Серп языческой богини - Лесина Екатерина (читать книги бесплатно txt) 📗
Переступаешь.
Вершина маяка разрушена. Ветер ударяет в лицо и плечи, откатывается и снова бьет, желая стряхнуть тебя вниз, на острые белые камни, в воду, где раскинулись сети мертвых водорослей. И ты хватаешься обеими руками за поручни.
Железо обжигает.
И запределье уходит, смеется – оно вновь тебя обмануло.
Саломея удержалась. Она стояла на крохотной – два квадратных метра – площадке, с которой открывался удивительный вид. Черная вода. Туманная полоса далекого берега.
На самом краю на корточках, обняв руками колени, сидел парень. На плечах и волосах его лежали снежинки, а щиколотки обвивала массивная цепь, уходившая к двери.
– Толик! – Саломея закричала, отдирая пальцы от железа. – Толик, скорее…
– Я здесь.
Он стоял в дверях, вооруженный чертовой камерой, и стоял, наверное, давно.
– Он мертвый. Я так думаю, – сказал Толик, протягивая камеру. – Подержи. Я сейчас.
Камера оказалась тяжелой и горячей, несомненно – живой. А Толик обеими руками взялся за цепь и потянул. Металл со скрежетом терся о металл. Тело сидело.
Примерзло, наверное.
И Саломея поняла, что парень не сдвинется. Он теперь навеки смотритель маяка. И с точки зрения запределья все верно: мертвому маяку нужен неживой смотритель.
А потом вдруг раздался хруст, такой громкий и противный, и тело повалилось на спину.
– Фигня какая-то! – Толик подтянул мертвеца к двери и перевернул. – Это ж Юрка… Что, получается, что Юрка тоже помер?

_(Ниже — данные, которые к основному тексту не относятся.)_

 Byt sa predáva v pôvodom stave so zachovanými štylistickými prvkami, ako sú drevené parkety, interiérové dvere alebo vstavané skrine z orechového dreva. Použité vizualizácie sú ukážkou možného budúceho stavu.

Помер. Умер. Убит, пусть ран на теле и не видно. Его покрывает тонкий слой льда – глазурь на белой коже. Синие губы словно нарисованы. И глаза тоже подведены тенями. Они раскрыты, и Юрка смотрит на Саломею.
Улыбается.
– И привязали еще… – В голосе Толика нет страха, только удивление. И камера возвращается к хозяину. Ей надо заснять и это лицо, и руки, обмотанные ремнем, и ноги, скрученные цепью. Амбарный замок на цепи. И картонную табличку, которую парню повесили на грудь.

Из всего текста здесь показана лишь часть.